* **YOUR INSTRUCTIONS**: The answer is the exact run of lines in the listing below from the line containing "第十二關(guān):最終對" up to and including the line containing "Floor & Bath", with pictures removed.

* **EXERCISE DATA**:

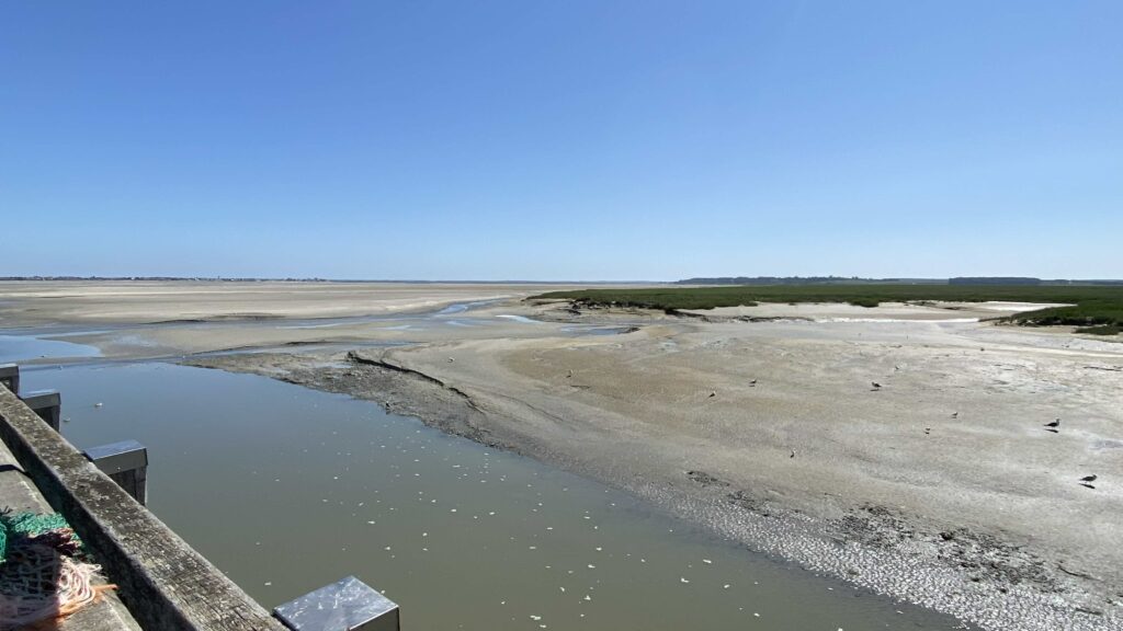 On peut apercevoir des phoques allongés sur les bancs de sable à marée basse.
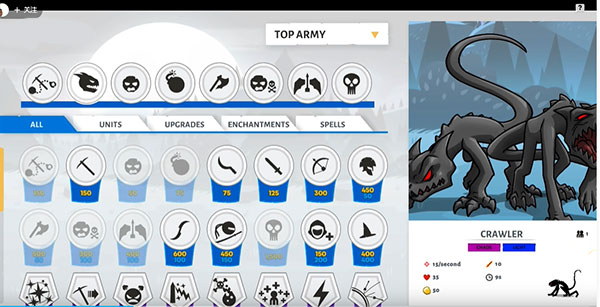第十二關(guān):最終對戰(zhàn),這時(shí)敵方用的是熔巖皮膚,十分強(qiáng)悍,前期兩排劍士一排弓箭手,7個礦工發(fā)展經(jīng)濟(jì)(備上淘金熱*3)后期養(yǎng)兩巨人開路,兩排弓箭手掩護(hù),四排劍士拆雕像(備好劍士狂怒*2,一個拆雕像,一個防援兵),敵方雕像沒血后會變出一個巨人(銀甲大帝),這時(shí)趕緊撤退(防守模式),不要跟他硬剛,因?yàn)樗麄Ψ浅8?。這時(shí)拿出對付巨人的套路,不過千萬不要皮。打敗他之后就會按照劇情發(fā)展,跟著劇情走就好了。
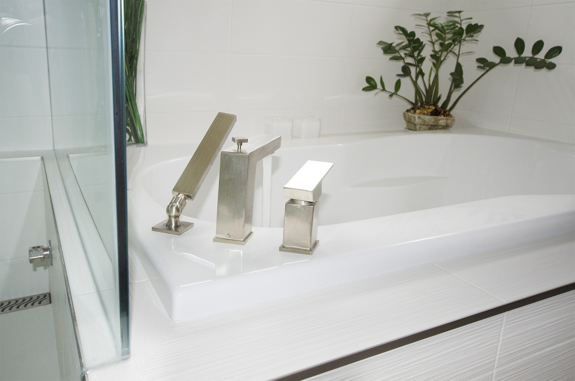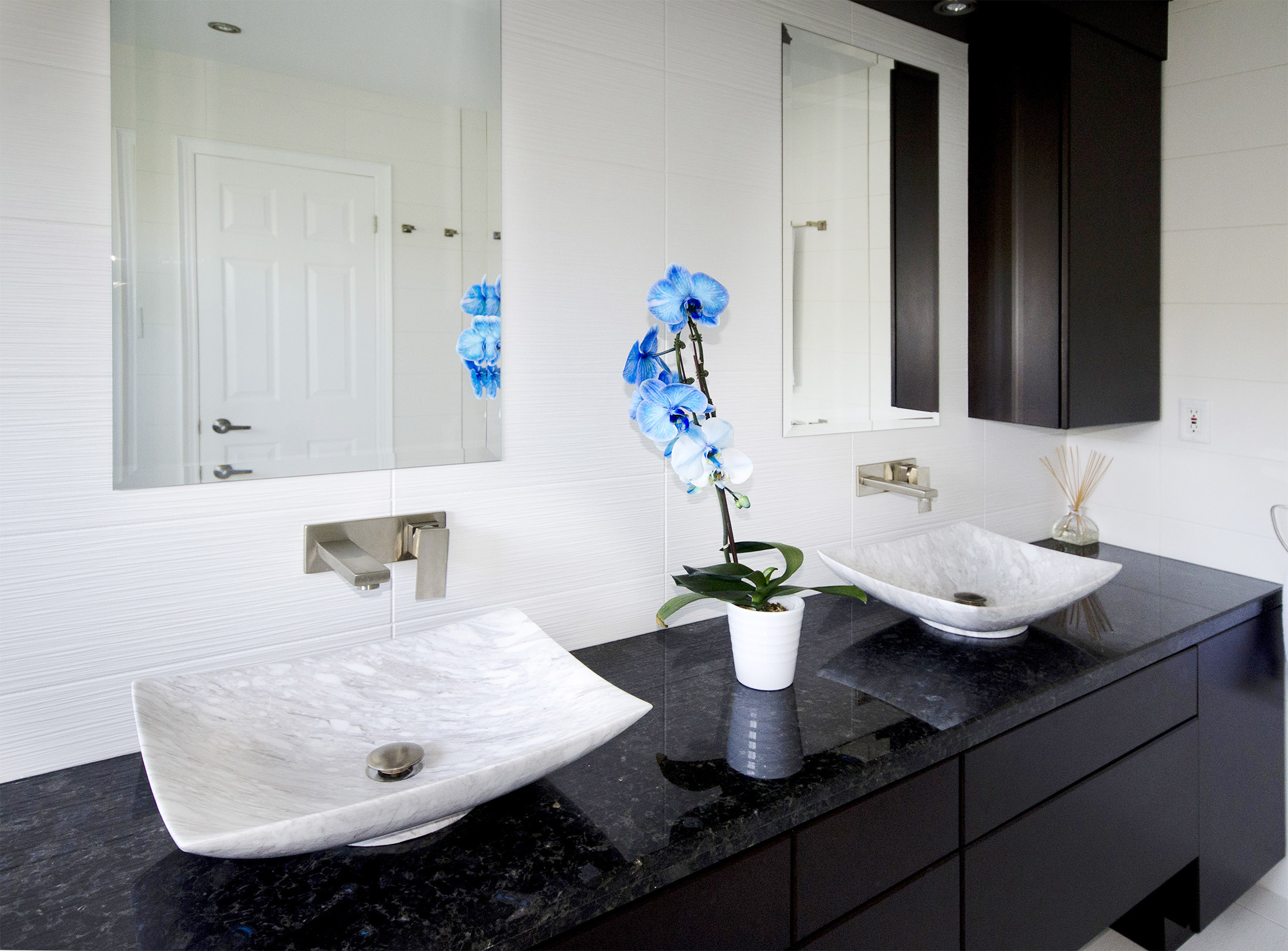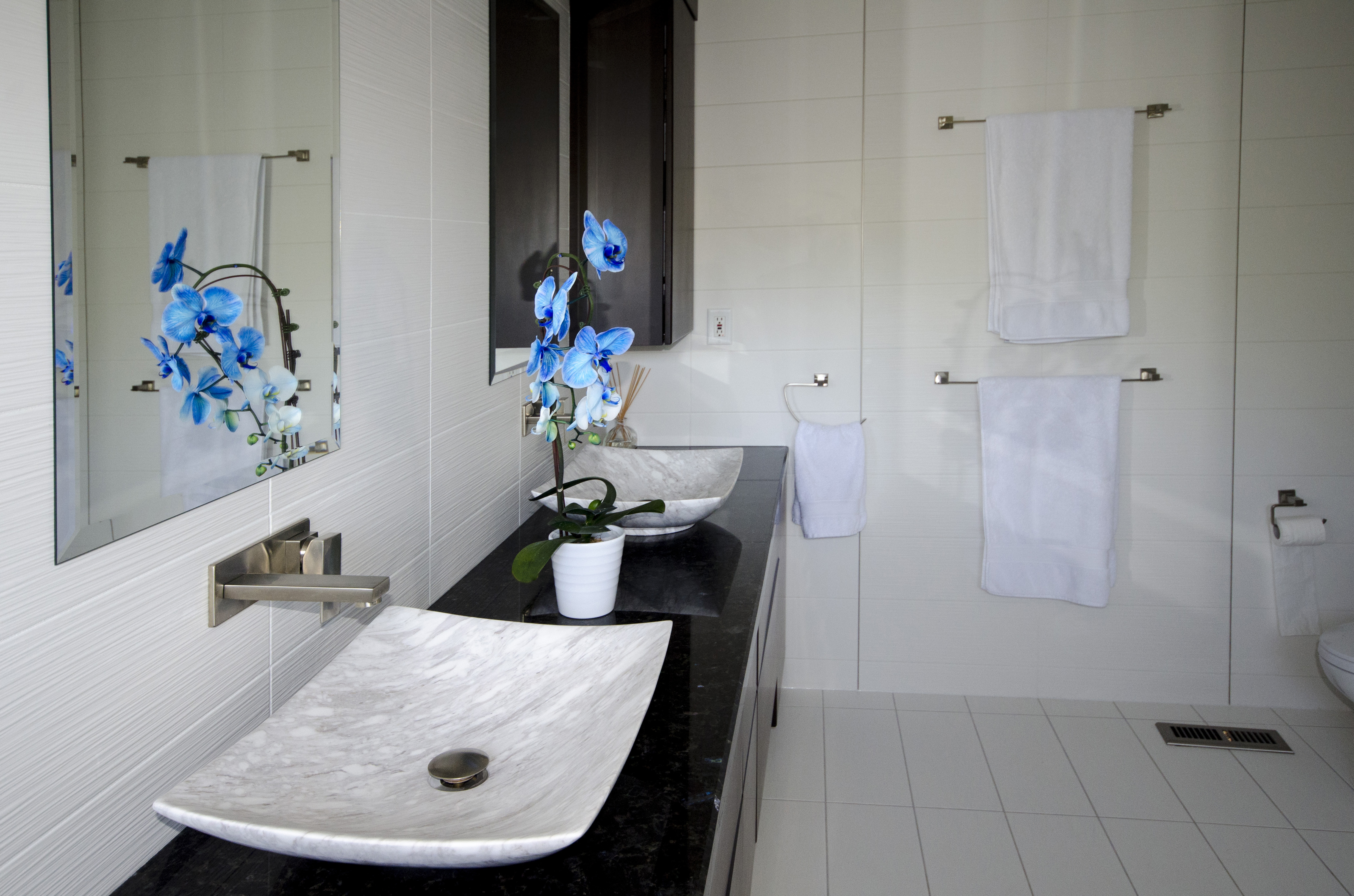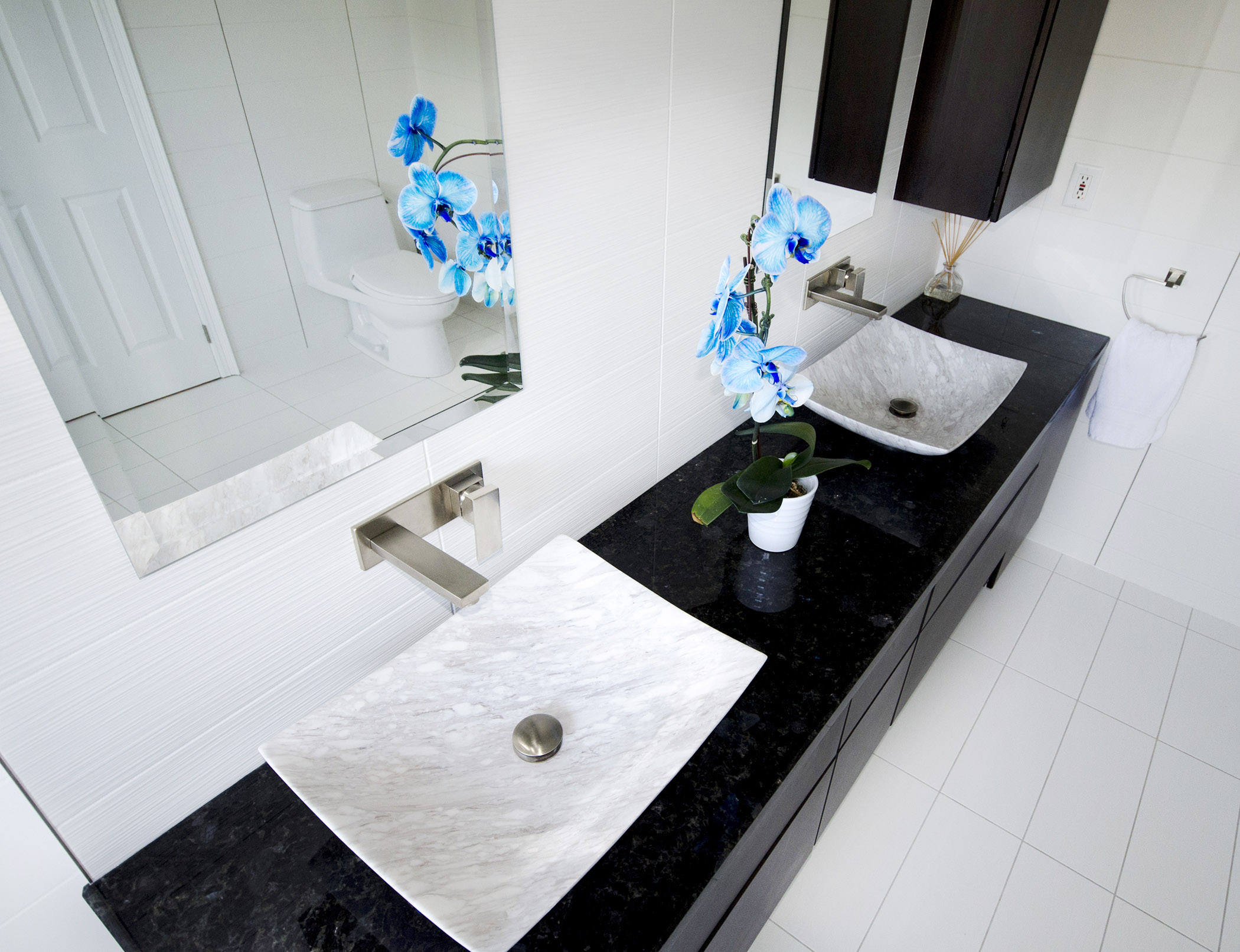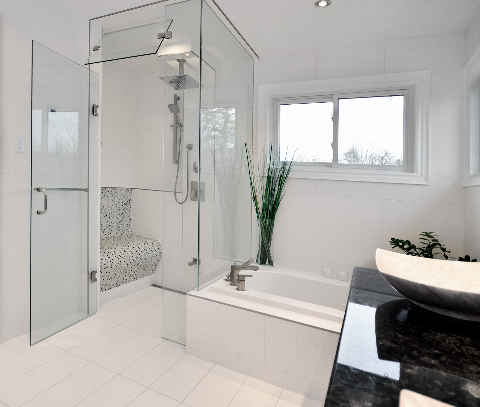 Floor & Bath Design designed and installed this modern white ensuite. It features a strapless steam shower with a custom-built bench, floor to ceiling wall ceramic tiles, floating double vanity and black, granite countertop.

==

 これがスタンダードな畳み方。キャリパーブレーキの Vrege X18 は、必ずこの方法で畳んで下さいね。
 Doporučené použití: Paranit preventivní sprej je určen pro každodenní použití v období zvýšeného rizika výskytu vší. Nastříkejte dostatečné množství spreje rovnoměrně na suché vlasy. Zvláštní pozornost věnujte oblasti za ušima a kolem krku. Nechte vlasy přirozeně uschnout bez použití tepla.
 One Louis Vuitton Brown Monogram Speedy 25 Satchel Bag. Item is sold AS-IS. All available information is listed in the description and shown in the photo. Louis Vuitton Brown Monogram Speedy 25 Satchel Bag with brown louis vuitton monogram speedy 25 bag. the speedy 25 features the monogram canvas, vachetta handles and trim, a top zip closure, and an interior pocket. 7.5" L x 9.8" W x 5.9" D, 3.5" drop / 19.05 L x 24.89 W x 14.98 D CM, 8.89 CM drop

* **SOLUTION TO THIS PROBLEM**:
第十二關(guān):最終對戰(zhàn),這時(shí)敵方用的是熔巖皮膚,十分強(qiáng)悍,前期兩排劍士一排弓箭手,7個礦工發(fā)展經(jīng)濟(jì)(備上淘金熱*3)后期養(yǎng)兩巨人開路,兩排弓箭手掩護(hù),四排劍士拆雕像(備好劍士狂怒*2,一個拆雕像,一個防援兵),敵方雕像沒血后會變出一個巨人(銀甲大帝),這時(shí)趕緊撤退(防守模式),不要跟他硬剛,因?yàn)樗麄Ψ浅8?。這時(shí)拿出對付巨人的套路,不過千萬不要皮。打敗他之后就會按照劇情發(fā)展,跟著劇情走就好了。
 Floor & Bath Design designed and installed this modern white ensuite. It features a strapless steam shower with a custom-built bench, floor to ceiling wall ceramic tiles, floating double vanity and black, granite countertop.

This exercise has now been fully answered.